F. Are fewer articles being written about Davis Cup—first, in host and guest nation publications; and second, in global sports outlets? Are significantly fewer foreign print media attending than they did in the past (and is this number out of step with developments at other tennis tournaments)? If an editor doesn’t send his/her tennis reporter to cover Davis Cup, how do we know that’s a reflection on reader interest rather than on the current state of journalism in general and tennis media in particular?
If we’re lucky, someone more technologically adept than I will explore Google trends or a similar site and report back. (Former Yugoslavia, represent!)
G. More generally, when we hear that this competition is less meaningful, prestigious, or valuable than it used to be, on what are such assessments based? Not everything can be quantified, I realize, but surely those who’ve reached this conclusion can better substantiate it—at least, if they hope to persuade others who don’t already agree.
When the Davis Cup of today is found lacking, to what is it being compared: its own (apparently glorious) past, grand slam tournaments (which are, it’s worth underscoring, dual-gender events), finals in other sports, and/or competitions that currently exist only on paper? Are these comparisons reasonable? How much of what we imagine the Davis Cup could or should be is filtered through nostalgia or a result of wishful thinking?
For instance, is it useful to model an annual national-team tennis tournament on the World Cup, which takes place every four years and involves a lengthy continental qualification process?
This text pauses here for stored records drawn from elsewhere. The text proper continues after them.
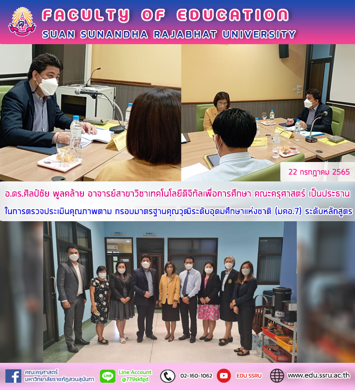 วันที่ 22 กรกฎาคม 2565 อาจารย์ ดร.ศิลป์ชัย พูลคล้าย อาจารย์สาขาวิชาเทคโนโลยีดิจิทัลเพื่อการศึกษา คณะครุศาสตร์ มหาวิทยาลัยราชภัฏสวนสุนันทา เป็นประธานในการตรวจประเมินคุณภาพตาม กรอบมาตรฐานคุณวุฒิระดับอุดมศึกษาแห่งชาติ (มคอ.7) ระดับหลักสูตร โดยได้รับเกียรติ จาก สาขาวิชาเทคโนโลยีดิจิทัลเพื่อการศึกษา คณะศึกษาศาสตร์ มหาวิทยาลัยราชภัฏจันทรเกษม
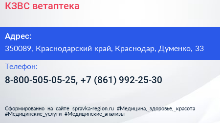КЗВС, ветаптека по адресу 350089, Краснодарский край, Краснодар, Думенко, 33 в дальнейшем Организация, размещена в следующих категориях:
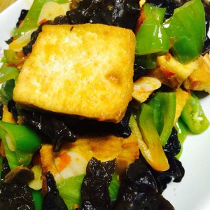 锅内倒少量油,放入蒜片,倒入郫县豆瓣酱,小火炒香,倒入青椒、木耳、西红柿翻炒,断生后倒入一点点水,放入豆腐,翻炒给豆腐上味儿,略停下入味,关火盛盘。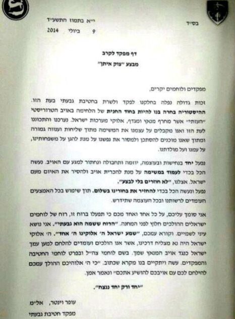 במכתבו בחר מח"ט גבעתי לצטט פסוקי מקרא, כולם מהותיים ומשמעותיים. אתייחס לשלושה מהם: הפסוק הראשון, והמוכר שבהם, "שמע ישראל אדוני אלוהינו אדוני אחד" (דברים, ו, ד) שהפך לאורך ההיסטוריה לקריאתו של המרטיר היהודי אשר עומד מול מותו. הראשון להשתמש בפסוק זה על סף מוות היה רבי עקיבא – שהוצא להורג על חלקו במרד בר כוכבא. התלמוד הבבלי מתאר כיצד הרומאים מרטשים את גופו של רבי עקיבא באמצעות מסרק ברזל ענק, ואילו רבי עקיבא קורא באותו זמן את הפסוק המדובר ונשמתו יוצאת כאשר הוא מגיע אל המלה "אחד" – בעקבות סיפור זה יהודים רבים קראו "קריאת שמע" בזמן שעמדו מול מותם. במכתבו מבקש מח"ט גבעתי להעניק לפסוק משמעות חדשה – לא עוד קריאתו של היהודי שפושט את צווארו וממתין למותו – אלא קריאתו של הלוחם שיוצא למלחמה.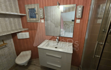 D’une surface habitable d’environ 180 m², elle s’articule autour d’une pièce de vie majestueuse aux murs en pierre et plafond cathédrale, baignée de lumière naturelle.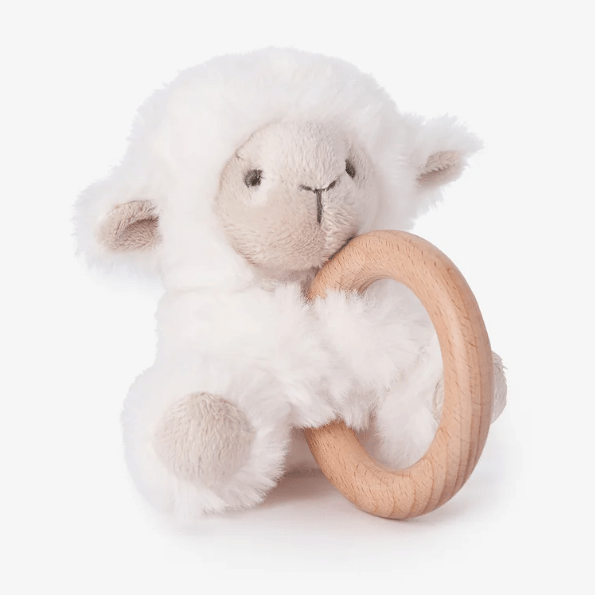 Elegant Baby Plush Lamb Wooden Ring Rattle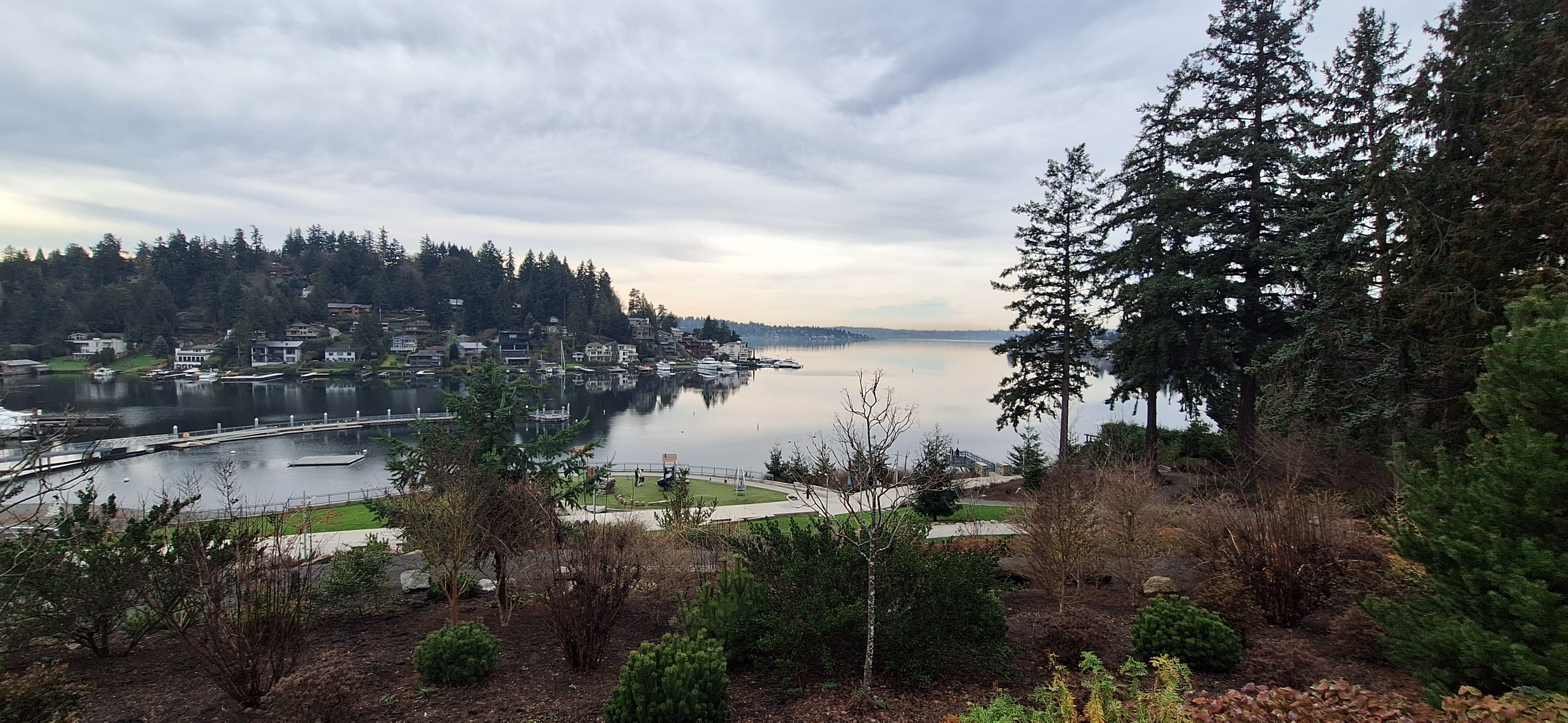 Two Bridges + Mercer Island from Bellevue Bellefield Park (Brisk)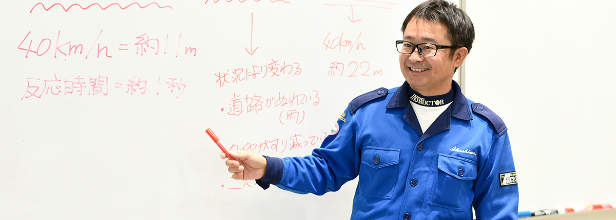 私はこの会社に2004年中途で入社しました。若いころからバイクや車の運転が好きだったこともあるのですが、普通自動車免許を取ったときの指導員さんがとても良かったという思いが強くあり、そういう人になりたいと思い、志望しました。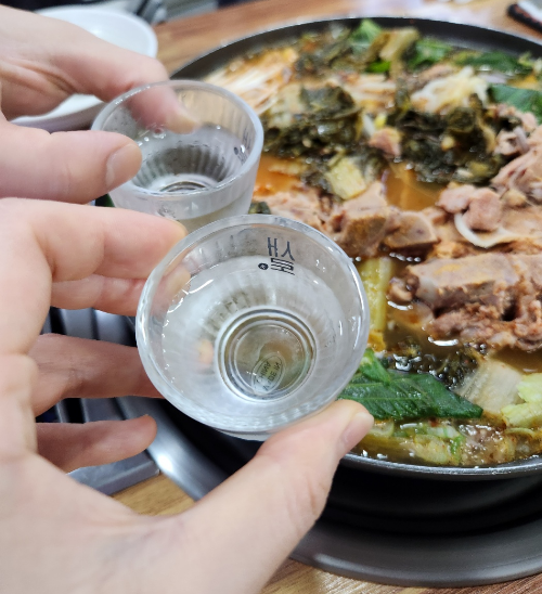 따뜻한 감자탕에는 역시 소주 한 잔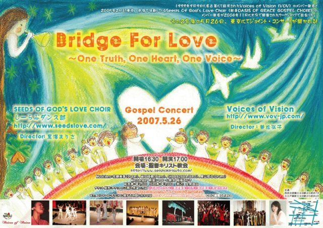 名古屋と東京という別々の土地に活動拠点を置く ふたつのクワイアがひとつのクワイアとなって コンサートを開きます! BridgeForLove〜OneTruth,OneHeat,OneVoice〜 1999年9月9日に名古屋にて結成された Voices of Vision(VOV)のメンバー数名と 2005年2月より東京・新宿で活動している Seeds of God's Love Choir(前身OASIS OF GRACE GOSPEL CHOIR)の メンバー数名が2004年11月に大分で開催されたワークショップで出会った。 その2年後の5月26日、東京にてJoitConcertが開かれる! http://www.seedslove.com/bfl.html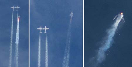 SpaceShipTwo được máy bay mang lên độ cao 13.500m trước khi thả để khởi động tên lửa đẩy, và phát nổ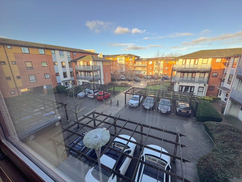 Shared spaces include a very spacious living room with a recliner sofa, large flat-screen TV and dining table, as well as a good-sized kitchen with an electric hob and ample storage. The flat benefits from excellent natural light throughout and a large private balcony with open views. There is also a communal garden and private resident parking.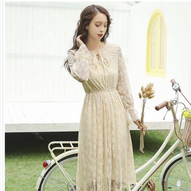 大人可愛い チュニック ワンピース 春新作 大きいサイズ ワンピース 総レース 長袖 ワンピース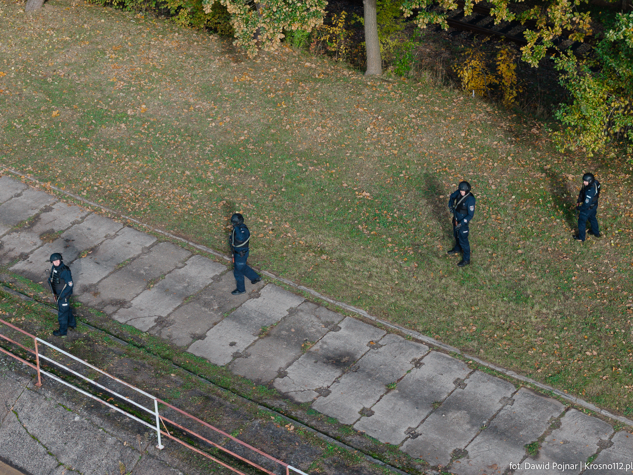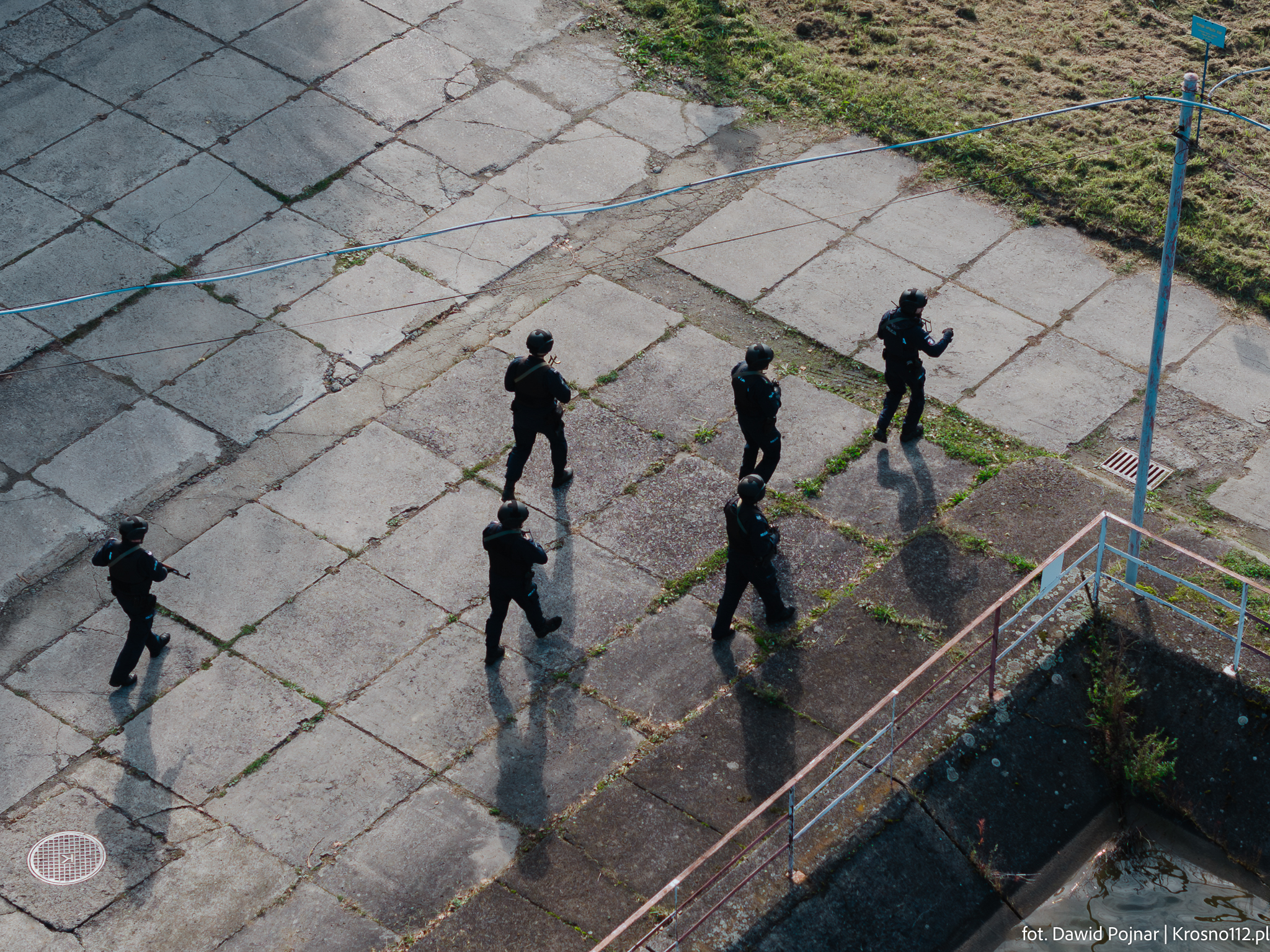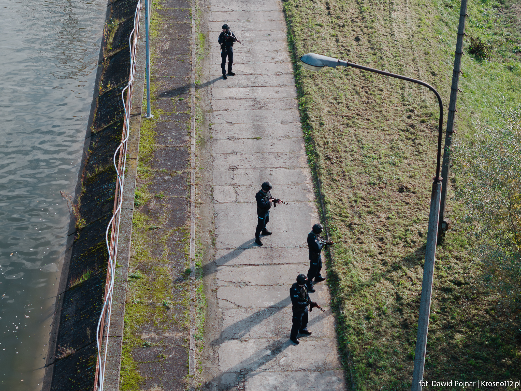 W dalszej części scenariusza sprawdzano działania służb ochrony i ratowniczych po opuszczeniu przez pozoranta miejsca zdarzenia. Zgodnie z założeniem, mężczyzna udał się w kierunku budowanej biogazowni oraz obiektów technicznych, gdzie ćwiczący funkcjonariusze doskonalili procedury poszukiwawcze i zabezpieczające.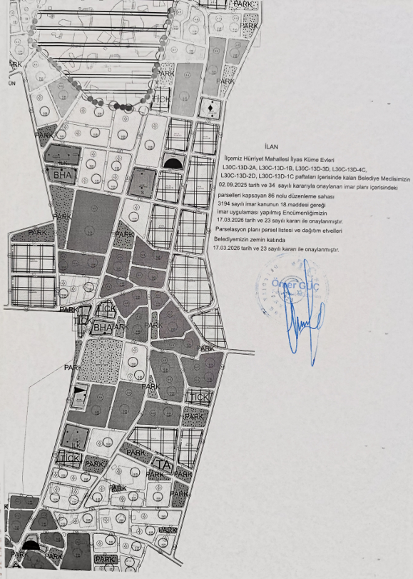 L30C-13D-2D, L30C-13D-1C paftaları içerisinde kalan Belediye Meclisimizin
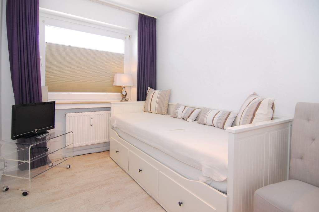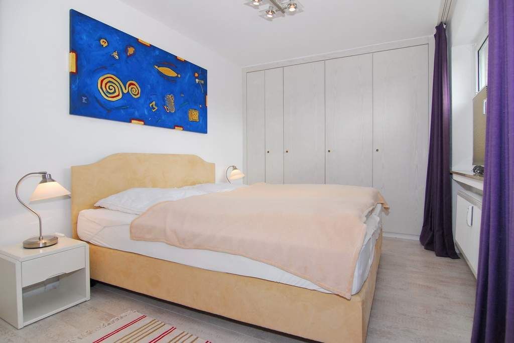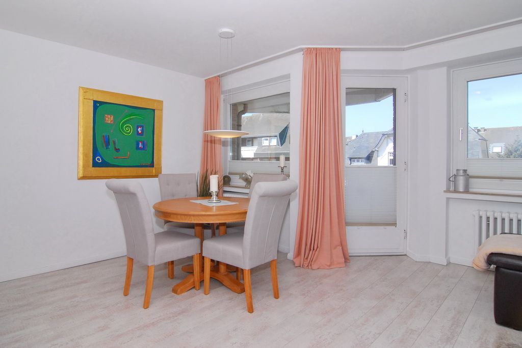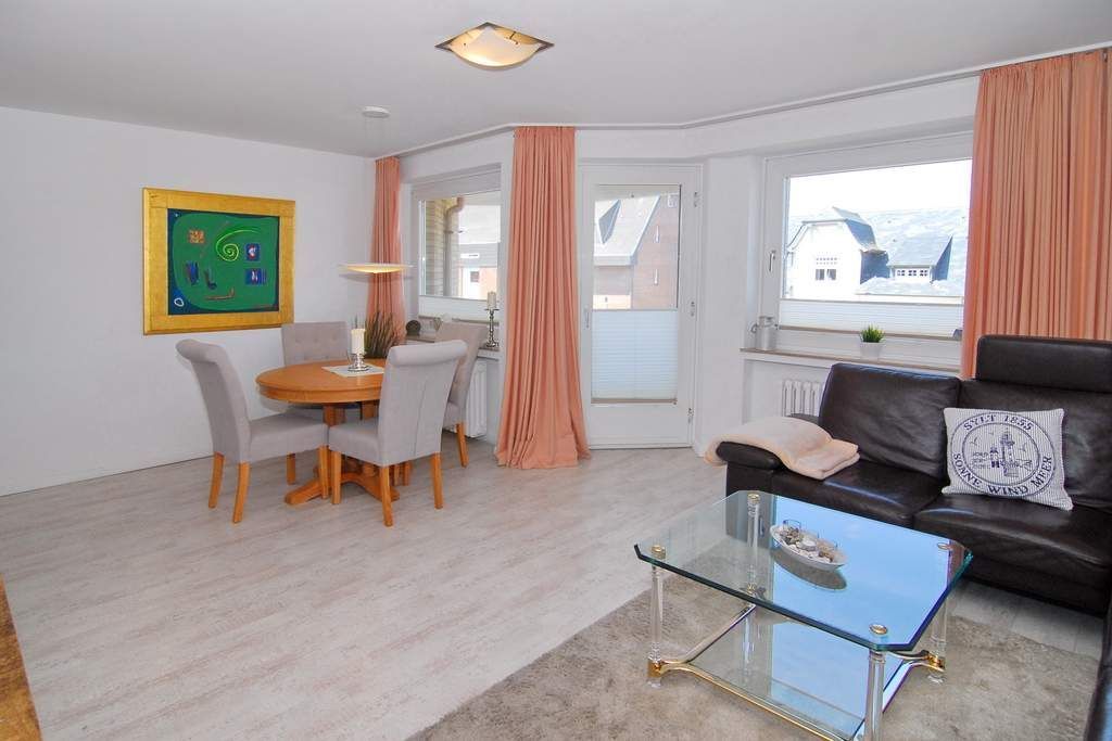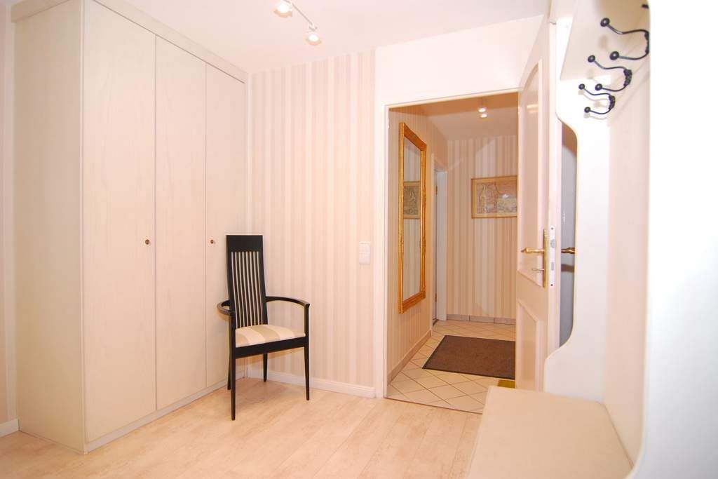 3-Zimmer-Ferienwohnung, ca. 65m², 1. OG, im Haus Undine. Nichtraucher-Whg. ! Wohnzimmer mit Eckcouch, Essplatz, Flat-TV, Stereoanlage mit Ipod-Station, Playstation 2, W-Lan, Westbalkon, separate Küche mit Geschirrspüler, Backofen und Nespresso-Maschine. 1 Schlafzimmer mit Doppelbett und Flat-TV (Hotelsafe vorhanden), 1 Schlafzimmer mit Doppelbett (160x200) und Flat-TV, Duschbad / WC mit Föhn. Tierhaltung ist nicht gestattet. Bettwäsche und Handtücher sind zur Anreise aufgezogen. Garagenstellplatz Nr. 39 inklusive (Garagenöffner bei Anreise im Büro Riel).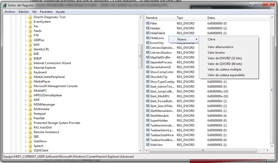 Quizás la característica más famosa de Windows 7 es la nueva barra de tareas. La previsualización de las ventanas en miniatura es espectacular y además podemos acelerarla. Abrir el menú Inicio y luego ejecutar regedit. Abrir la entrada HKEY_CURRENT_USER/Software/Microsoft/Windows/CurrentVersion/Explorer/Advanced y haremos clic con el botón derecho sobre una zona libre de la carpeta y elegiremos Nuevo y a continuación Valor de DWORD.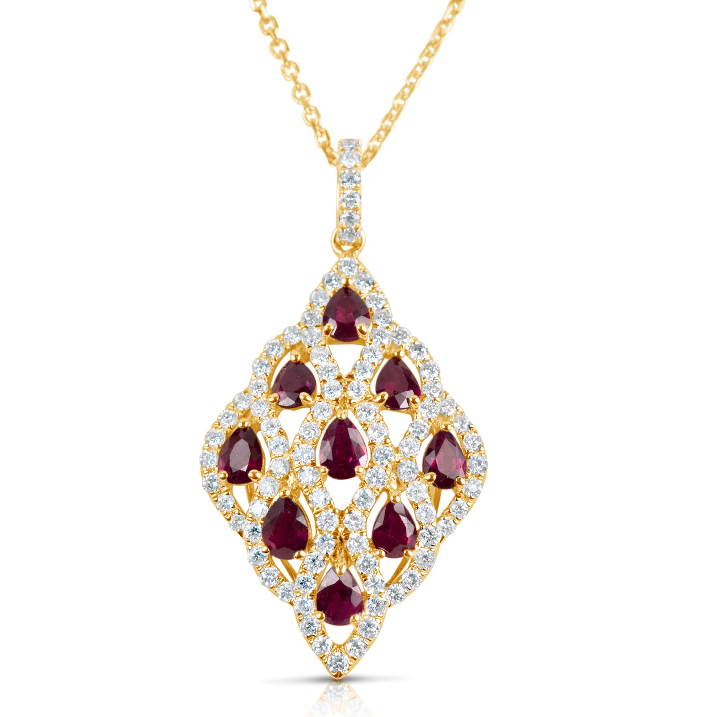 This ruby and diamond pendant is available in gold. The centerstone may be special-ordered in any precious gemstone color.The pear shape ruby in this pendant have a total carat weight of 1.80 carats. The diamonds have a total carat weight of 0.76 carats.

Does it make sense to suggest Davis Cup should be more akin to a year-old exhibition like the Laver Cup or even a longstanding competition such as Ryder Cup, both of which take place in a long weekend and involve only two teams (and, thus, no preliminary rounds)?
Is it even fair to compare the current iteration to the Davis Cup’s past, when the entire tennis—not to mention global sports—landscape looked dramatically different and its seasonal calendar was much less full? After all, during the first seventy years of the competition, fewer than fifty nations participated and the trophy was monopolized by the four slam nations. (Belgium, by the way, was the first other country to make the Davis Cup final: they got crushed by the Brits, 5-0, in 1904. Japan, in 1921, was the next—and they didn’t fare any better against the Americans; it would be almost 40 more years for another outsider, Italy, to be subject to a similar defeat at the hands of the Aussies.)Of course it’s not going to mean the same thing now, with 125 countries competing, as it did in an era when the professional tour was just getting started—and especially in the decades immediately before that, when the event was essentially an extended grudge match between the U.S. and Australia. But just because the place of the Davis Cup in men’s tennis has changed, so it means something different from what it did in the days of Roy Emerson and John Newcombe, Stan Smith and Arthur Ashe, that doesn’t necessarily make it less meaningful. Though the British public may not have been quite as thrilled by the 2015 Davis Cup win as they were when Andy Murray ended the 77-year British men’s singles title drought at Wimbledon two years prior, for example, not even playing on the clay in Ghent seems to have dampened Team GB’s enthusiasm for the occasion.
♠♣♥♦
As is likely obvious by now, I love the Davis Cup. Still, despite its being one of my favorite sporting events of the year, I certainly agree it can be improved. I also believe it’s really important to identify—and understand the precise nature of—the problem before considering potential solutions. Because even though I think reports of its death have been greatly exaggerated, it’s clear Davis Cup does have a problem. Or the ITF does, anyway.